Tra le tendenze grafiche arcaizzanti un posto di rilievo ha l’uso di -h- (para-)etimologica, nelle parole di derivazione latina. Per quanto riguarda il verbo «avere», l’uso di -h- è regolare in R1 per le terze persone dell’imperfetto

(«havea» e «havean») e per l’infinito («haver»), mentre in R permane qualche eccezione (es. I, 57; VI, 141; XXII, 24). Spiccati latinismi sono anche «comprehendere» e simili, tipici di R, dove peraltro l’irrilevanza fonologica del gruppo -he- è probabilmente confermata dalla struttura metrica del verso; forse proprio per l’ambiguità metrica R1 tende a eliminare la grafia etimologica.

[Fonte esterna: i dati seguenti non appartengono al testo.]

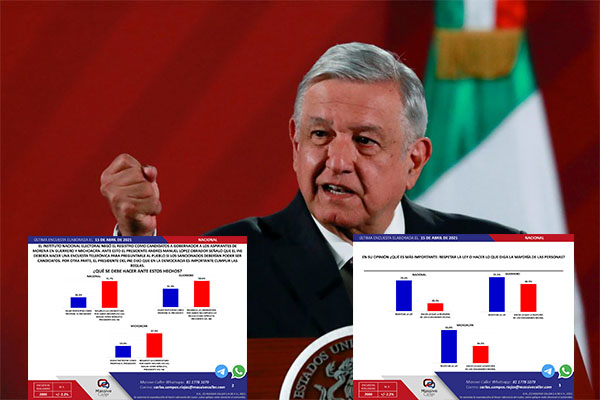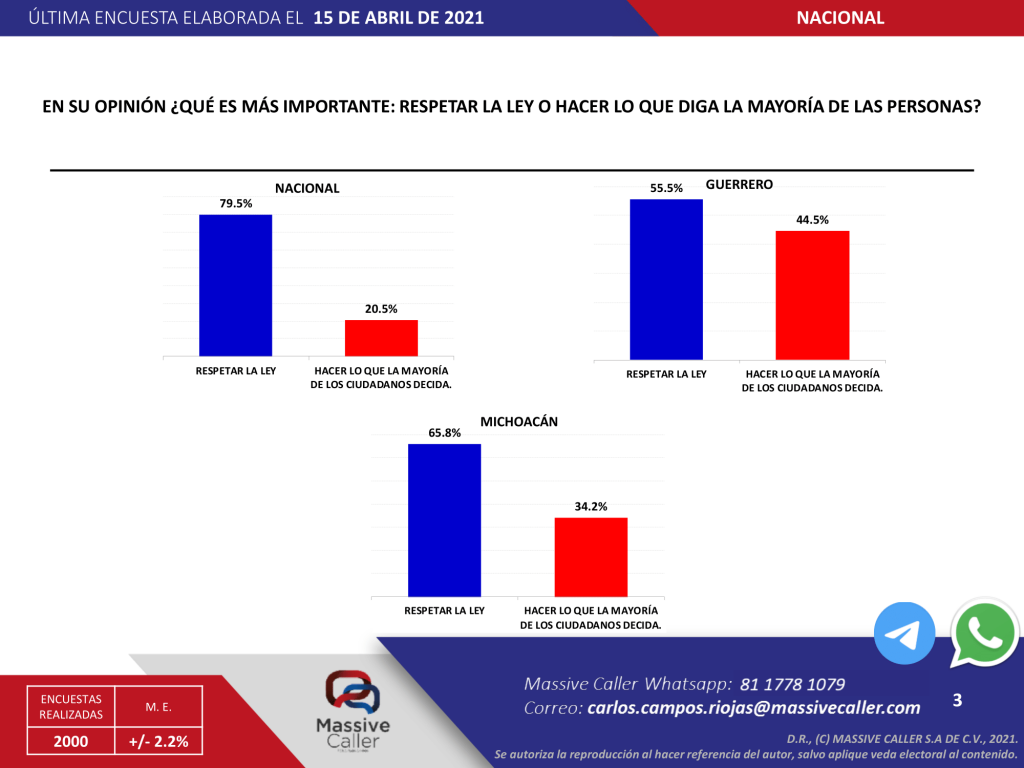 Además se cuestionó a los mexicanos sobre si estaban de acuerdo en respetar la ley o en hacer lo que digan los ciudadanos tal y como lo propone el presidente de México Andrés Manuel López Obrador. Ante tal cuestionamiento las encuestas fueron favorables en cumplir la ley tanto a nivel nacional como en los estados de Guerrero y Michoacán.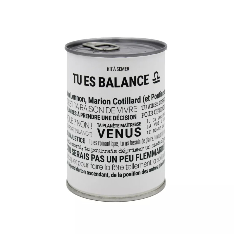 Le Kit à Semer Balance avec "Tout est Dit" Mauvaises Graines fait partie d’une collection décalée et humoristique, issue de la collaboration avec Toutestdit.fr. Chaque boîte associe un message astrologique plein de sens et des graines de prairies, symbole d’harmonie et de renouveau.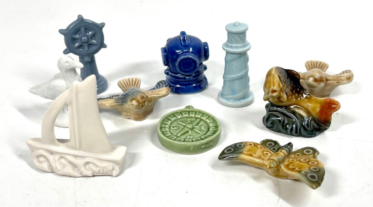 Lot of WADE & unmarked ceramic miniature figurines nautical fish, birds, lighthouse and more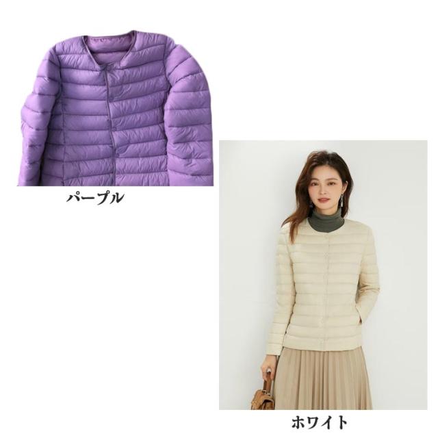 軽量 インナージャケット ノーカラー 2way ダウン風 重ね着 Vネック ショート丈 ノーカラー 暖かい レディース トップス 薄手 重ね着 ジャケット 中綿コート あったか 秋冬 防寒 防風 大人 女性 無地 シンプル 通勤 通学 プレゼント ギフト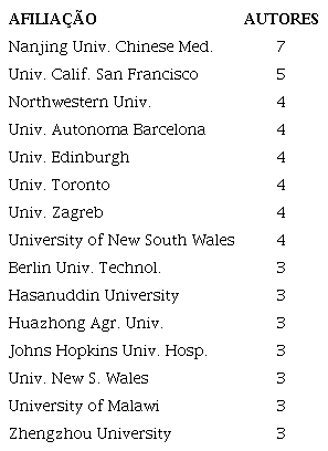 A Nanjing University of Chinese Medicine é a instituição com maior número de afiliados (7), seguida da Universidade de Califórnia, em São Francisco (5), e das universidades Northwestern, Barcelona, Edimburgo, Toronto, Zagreb e New South Wales, todas com 4 autores afiliados.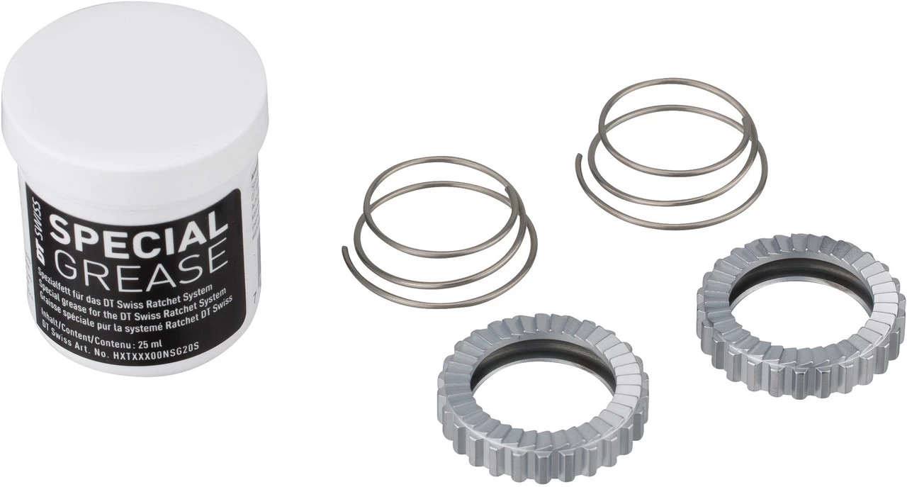 Contents:2 x DT Swiss ratchet2 x DT Swiss spring1 x DT Swiss special grease for Ratchet System, 25 ml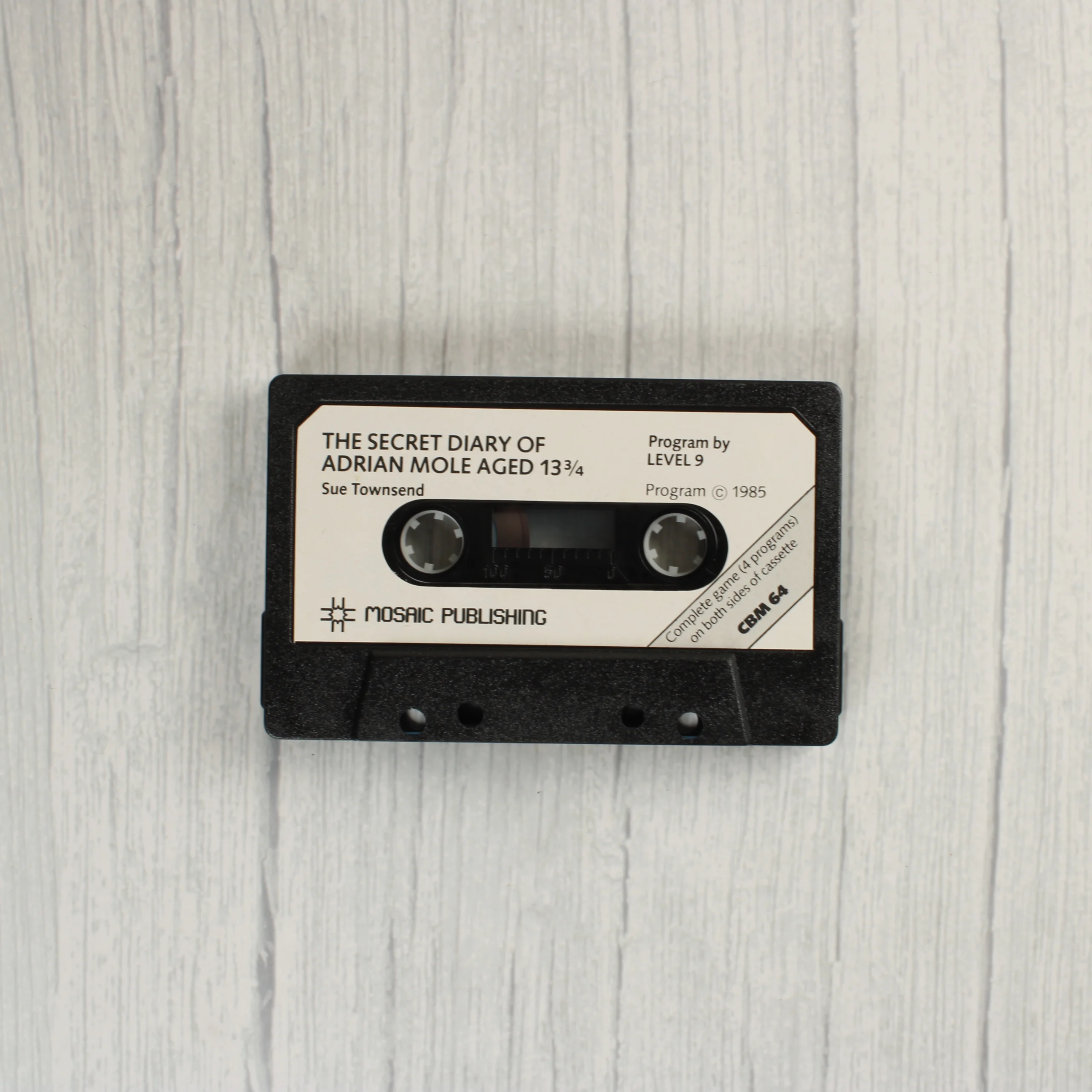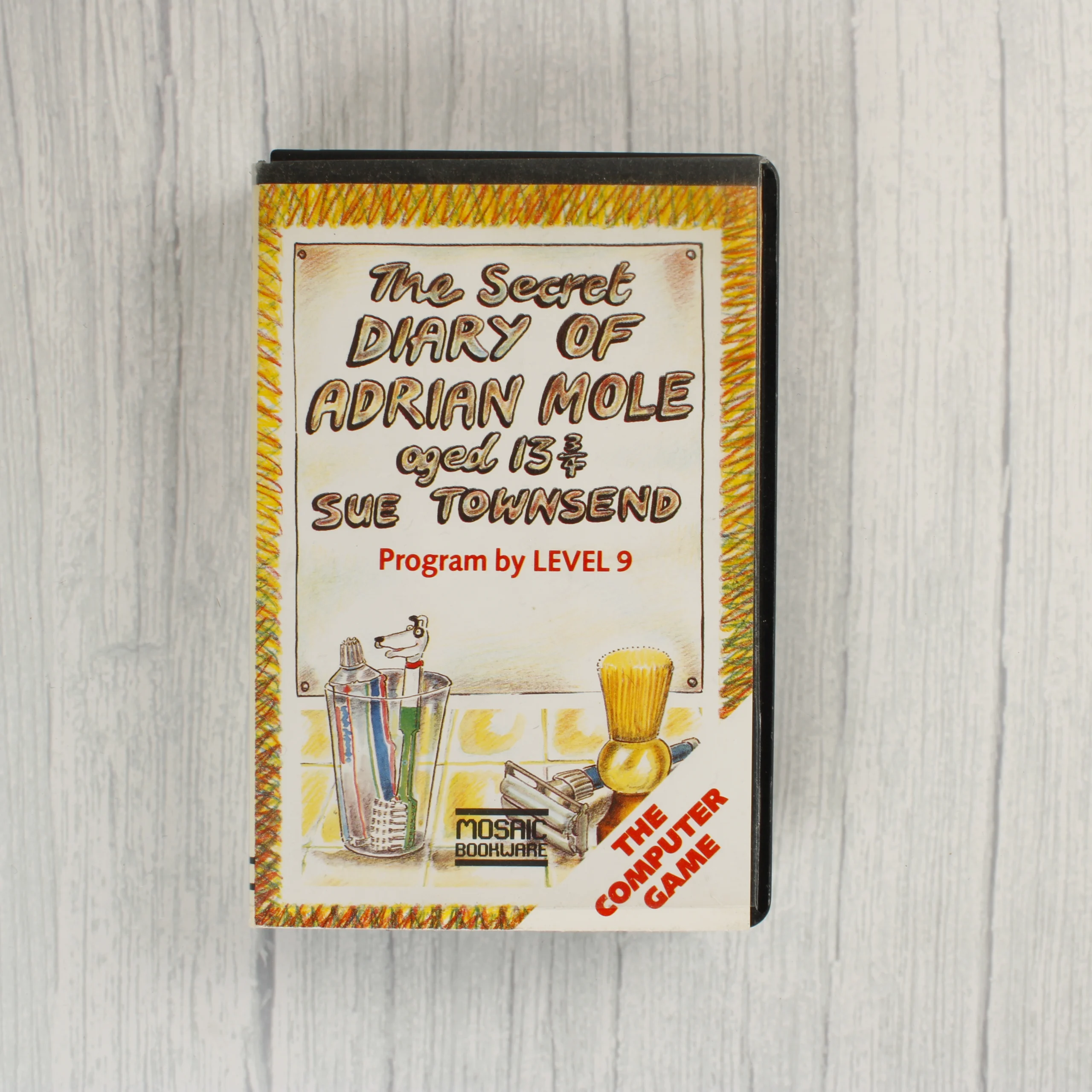 A The Secret Diary of Adrian Mole Aged 13 3/4 című videójáték Commodore 64 platformra készült kiadása. A csomag egy fekete műanyag tokot tartalmaz, amelyben egy illusztrált papírborító és egy fekete színű, fehér címkés kazetta található. A borító elején Sue Townsend neve, a Level 9 fejlesztőcsapat és a Mosaic Publishing logója látható, egy fürdőszobai eszközöket ábrázoló rajz kíséretében. A hátoldalon a játék leírása és két képernyőkép szerepel. A kazetta címkéjén olvasható a teljes cím, a szerző, a kiadó és a CBM 64 megjelölés. A termék fizikai állapota megkímélt, a papírborító élei épek, a kazetta felülete tiszta.

Tipici

di R1 sono «allhor(a)» e «anchor(a)» (rispettivamente tre e una le eccezioni nella

copia non autografa), mentre «biancho» prevale nettamente su «bianco». Come nel caso di -y-, anche -h- si estende a parole (o sedi) non originarie, soprattutto in R: è il caso di «spingha» a V, 74 e di «choma» a XXIII, 155, cui R1 preferisce

rispettivamente «spinga» e «coma»; è assai probabile che questi fenomeni siano dovuti all’influenza della pronuncia sulla grafia, in quanto la presenza di -h- potrebbe suggerire la spirantizzazione, tipica del volgare toscano. Si può dunque concludere che il grafema -h- assume in entrambi i codici, ma specialmente in R, un carattere ambiguo, in quanto può indicare tanto il riferimento etimologico alla grafia latina di un termine quanto la sua pronuncia nel fiorentino dell’uso contemporaneo.

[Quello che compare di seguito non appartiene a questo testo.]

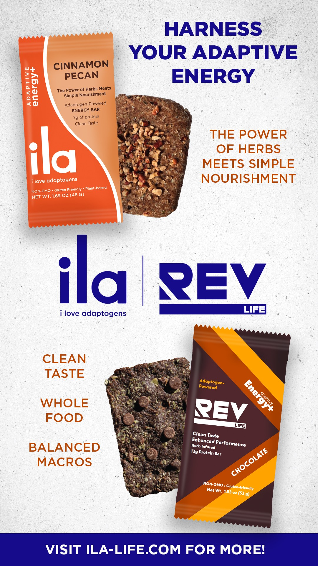 ILA & Rev are carving an innovative space in functional nutrition, providing adaptive energy through herbs that work with your body’s unique needs to increase energy, handle stress, and find balance. Our whole-food energy bars have a refreshingly clean taste, plus a super blend of adaptogenic herbs. Every product, from energy bars to coffee mix-ins, features this great blend, plus balanced macros for lasting energy that won't deplete.
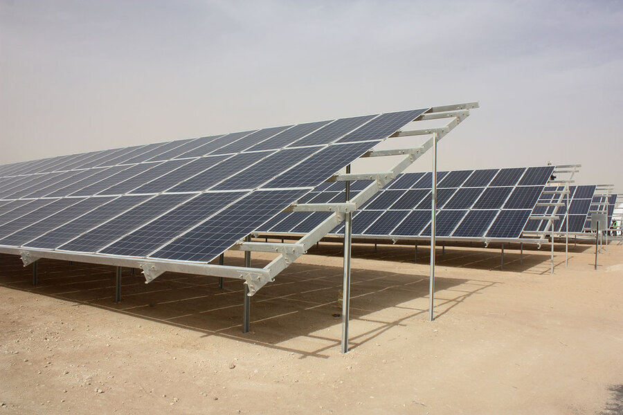 A 12.9-megawatt solar farm powering the Zaatari Syrian refugee camp in Zaatari, northern Jordan, in November 2017. Advocates believe Jordan, with one of the highest solar radiation rates in the world, can export solar energy to Israel and elsewhere across the region.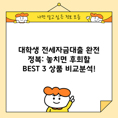 대학생 전세자금대출 완전 정복: 놓치면 후회할 BEST 3 상품 비교분석!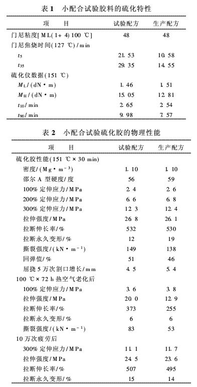 生產(chǎn)配方為:NR 100,炭黑N375/N660 45,活性劑 6·5,防老劑4020 1·2,防老劑TMQ 0·5,促進劑NOBS 0·7,促進劑CZ 0·7,不溶性硫黃 1·47,其它 5。試驗配方為:NR 100,炭黑N375/N660 37·5,白炭黑 4,活性劑 5,防老劑4020 1·7,防老劑TMQ 0·6,炭黑分散劑 1·5,促進劑NOBS 1·65,不溶性硫黃 1·675。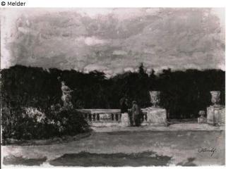 Fundmeldung Parkterasse mit Blumenbeet und zwei Personen / Schönbrunn / Paar auf Parkterasse / Parkterrasse Schönbrunn / Menschenim Park Hersteller/Künstler:in Albrecht, Carl (1862) Objektart Malerei Material / TechnikPappe / gemalt ; PastellLost Art-ID574827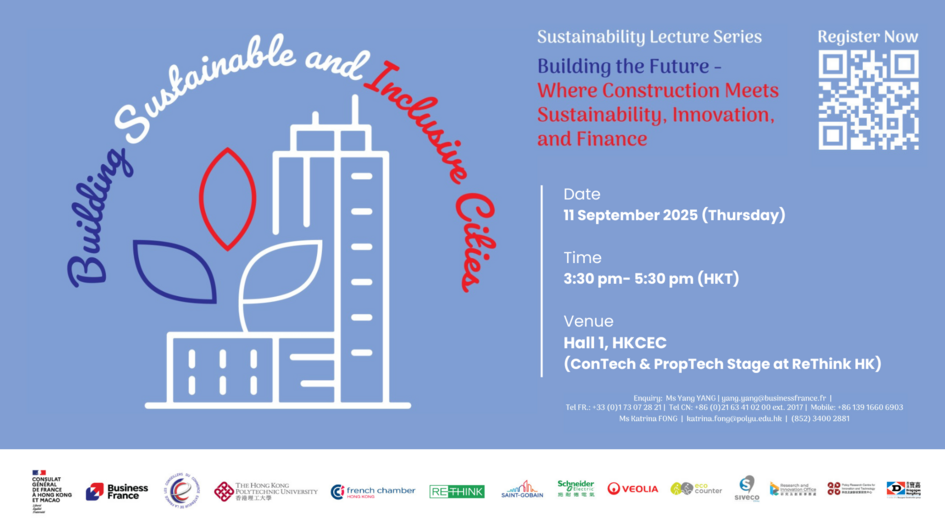 Co-organisée par le Consulat général de France à Hong Kong et Macao et le Bureau de la recherche et de l’innovation (RIO) de l’Université polytechnique de Hong Kong et Business France, la sixième édition du cycle de conférences sur le développement durable réunira des intervenants issus des milieux universitaires et économiques pour partager leurs points de vue, leurs expériences et leurs bonnes pratiques en matière de développement durable.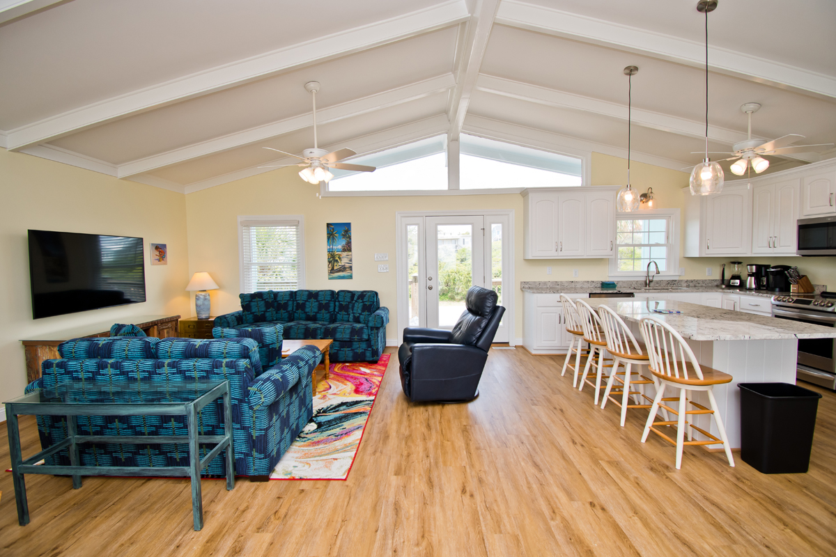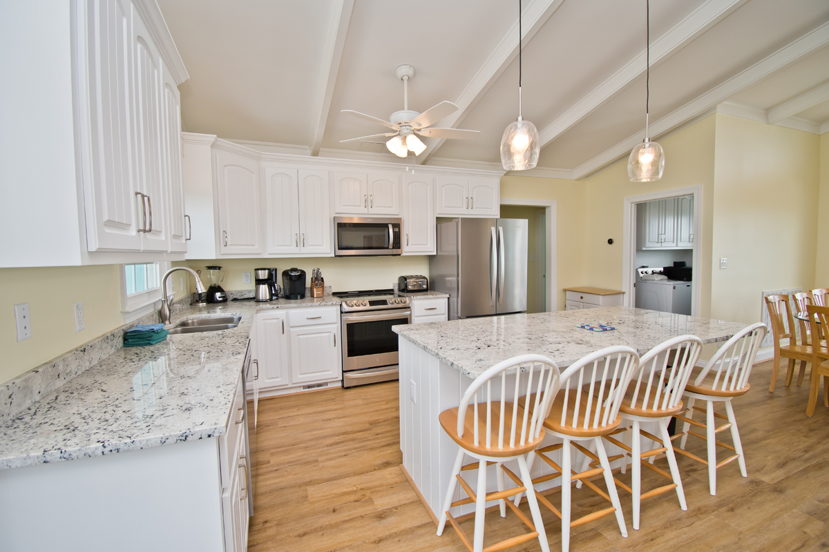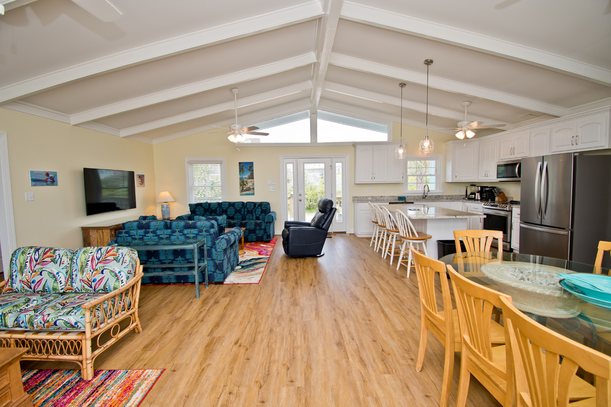 Living Area has a 65" Smart TV, Brand New Kitchen with Granite Countertops, Dining. Bedroom #1 has a King Bed, Bedroom #2 has Two Double Beds, Bedroom #3 has a King Bed and Bedroom #4 has a King Bed.

Particolarmente numerose sono anche le oscillazioni dovute a metatesi, fenomeno tipico del fiorentino del XV secolo. L’avverbio «dietro», ad esempio, compare in ben quattro varianti: a XIII, 7 R1 sostituisce la forma «dietro» a

«drieto» di R, mentre a XXI, 43 preferisce «detro» a «dreto» di R (si consideri, a

tal proposito, che il tipo «drieto» è l’unico usato nelle Stanze di Poliziano e nelle

Rime di Lorenzo). A I, 136 R1 scrive «siede» (sostantivo) in luogo di «sedie» di R,

mentre in altri quattro casi i codici concordano sulla forma, poi moderna, «sede». A II, 119 appare l’alternanza tra «prieta» di R e «pietra» di R1: il primo

compare occasionalmente anche in Lorenzo e nei Pulci, mentre il secondo è regolare in tutti gli altri casi. Curiosa infine la metatesi di R1 «Alcynoe» per

«Alcyone» (V, 154), che compare anche nella postilla marginale, in latino («Alcynoes» di R1 contro «Alcyones» di R): ma è probabile che si tratti di un

errore del copista, che a XI, 91 scrive, correttamente, «Alcyion».

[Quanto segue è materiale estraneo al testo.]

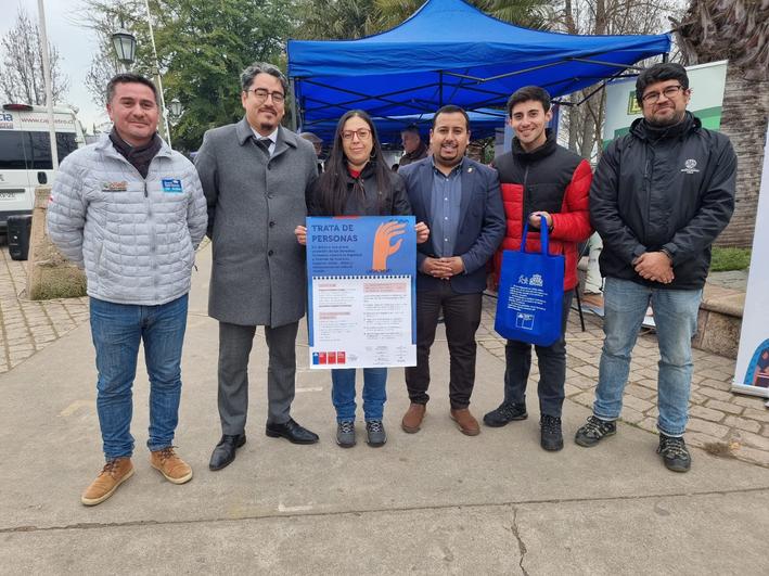 En el marco de la conmemoración del día Mundial contra la Trata de Personas, el pasado martes 30 de julio, en la plaza de armas de la comuna de Placilla, se realizó un operativo dedicado a concientizar en la comunidad sobre este delito, frecuente en la población migrante en nuestro país dedicada al trabajo agrícola, especialmente en mujeres, niñas, niños y adolescentes.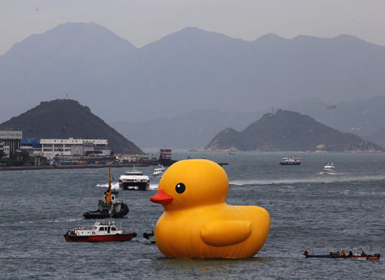 Rubber Duck by Dutch conceptual artist Florentijn Hofman floats in front of a hilly skyline at Hong Kong's Victoria Harbour May 2, 2013. The 16.5-meter-high inflatable sculpture, which made its first public appearance in the territory on Thursday, will be shown at the Ocean Terminal for a month. [Photo/Agencies]

Sarebbe assai complesso, infine, approfondire dovutamente il tema del raddoppiamento fonosintattico, da sempre vivo nelle varietà centrali dell’italiano. Anche in questo caso si tratta di trasmettere o meno alla grafia un indizio della pronuncia viva. A I, 138 R raddoppia l- in posizione iniziale preceduta da vocale, mente R1 sceglie la grafia con la scempia: «a·lluce» contro

«a luce». Allo stesso modo, ma con l’aggiunta dell’assimilazione dell’articolo, a IV, 41: «e·ll’altro» di R contro «et l’altro» di R1. Esempi di raddoppiamento

fonosintattico sono anche, in un certo senso, le geminate nelle preposizioni articolate: «de la» (o «dela») contro «della», «con la» contro «colla» ecc. In generale si può notare che il raddoppiamento compare in modo non omogeneo in entrambi i codici, benché il testo di R sia certamente più incline a palesare una grafia aderente alla pronuncia viva.

Osservazioni conclusive

La situazione delle varianti ortografiche qui presentata è assai sfaccettata, poiché rispecchia le oscillazioni di una lingua che non è ancora stata dotata di un sistema coerente nel rapporto tra parlato e scritto. Gli usus scribendi dei due codici sono divergenti in molte occasioni, ma le varianti sistematiche sono rare: non è dunque possibile individuare scelte grafiche costantemente differenti che

possano dimostrare in maniera stringente l’irriducibilità reciproca dei due copisti. Alcune tendenze particolarmente forti, tuttavia, come l’uso delle doppie o delle scempie e le numerose assimilazioni del nesso -ct- da parte di R1, fanno

pensare che le abitudini linguistiche fossero leggermente diverse: il che costituisce un ulteriore indizio del fatto che R e R1 siano da attribuire a due scriptores differenti. A seconda dell’ipotesi di ricostruzione delle vicende

redazionali del testo, infine, è possibile scorgere o meno nelle varianti formali un intervento d’autore, tuttavia non sistematico perché non supportato da una avvenuta codificazione ortografica.